В восточном и юго-восточном направлениях высылаем разведку. Она докладывает, что перемещение тылов и эвакуация боевой техники заметно сократились. По многим признакам, противник собирается закрепиться на реке Шане. «Надо уточнить данные о подготовке гитлеровцев к обороне и только после этого выходить к своим», — подумал я.

Около двух суток мы затратили на сбор нужных сведений. Наблюдения, опрос местных жителей, показания пленных — все это позволило сделать вывод, что неприятель не намерен сооружать здесь что-то капитальное. Его цель оказалась более скромной: расположившись в населенных пунктах близ дороги и вдоль водного рубежа, пропустить отступавшие войска и, приняв удар на себя, прикрыть их отход.

Мы радировали об этом в наш центр и послали навстречу войскам 43-й и 49-й армий лыжников с добытыми разведданными.

Несколько пополнив свои запасы продовольствия и боеприпасов за счет трофеев, мы попросили командование разрешить нам задержаться еще на несколько дней. Я считал необходимым нарушить телефонную связь между гарнизонами, найти и подорвать артиллерийские склады, уничтожить ледовые переправы через Шаню. Это вынудило бы немцев еще больше сосредоточивать войска на шоссе, которое контролировалось нашей авиацией.

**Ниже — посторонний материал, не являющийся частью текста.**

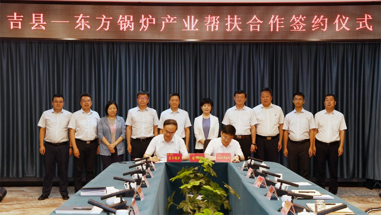 在俞培根、李忠军与吉县县委、县政府领导安娜、尚立春、陈锋等共同见证下,尊龙凯时锅炉党委书记、董事长林光平与吉县县委常委、常务副县长庞大懿代表双方签署产业帮扶合作协议。双方将立足吉县资源禀赋,充分发挥尊龙凯时电气自身产业优势,助推吉县打造黄河流域绿色转型新样板,为吉县乡村振兴绘就新图景。

В первую же ночь в восемнадцати местах мы вырезали более пяти километров телефонного провода. Работа эта оказалась нелегкой. Засыпанные снегом провода и днем-то отыскать было трудно, а ночью тем более. Приходилось очень близко подбираться к местам расположения штабов.

Как-то под утро, когда я только-только заснул, меня растолкал Василий Мальшин. Он сообщил:

— Прибыл связной, которого вы посылали в разведгруппу.

Я приказал немедленно позвать его. Боец доложил, что с вечера на дороге резко усилилось движение.

— Похоже, снова драпать начали, — заключил он.

— Пленного захватили?

— Нет, товарищ майор, не удалось. Больно густо идут.

Делать нечего, надо поднимать бойцов. Я знаю, что они смертельно устали. У меня тоже гудят руки и ноги, болит голова, знобит. И все-таки надо вставать.

Наскоро перекусив, выпив по кружке талой снежной воды, кладем в карманы недоеденные сухари, выжидаем, пока дозорные уйдут вперед. Через несколько минут следуем за ними к переправе, где действует разведка.

Когда забрезжил рассвет, были уже у цели. Разведчики расположились за поваленной буреломом сосной, огородившись снежным валом и плотным забором из веток.

Василий Мальшин отыскивает свободное место, расстилает кусок парашютного шелка и вытряхивает на него содержимое объемистого вещевого мешка. Здесь уже успевший замерзнуть хлеб, сухари, вареная конина и два круга жесткой как камень, соленой, сильно наперченной колбасы.





— Трофеи, — поясняет он. — Разумеется, кроме конины. Это из собственных заготовок. Угощайтесь, только зубы не сломайте.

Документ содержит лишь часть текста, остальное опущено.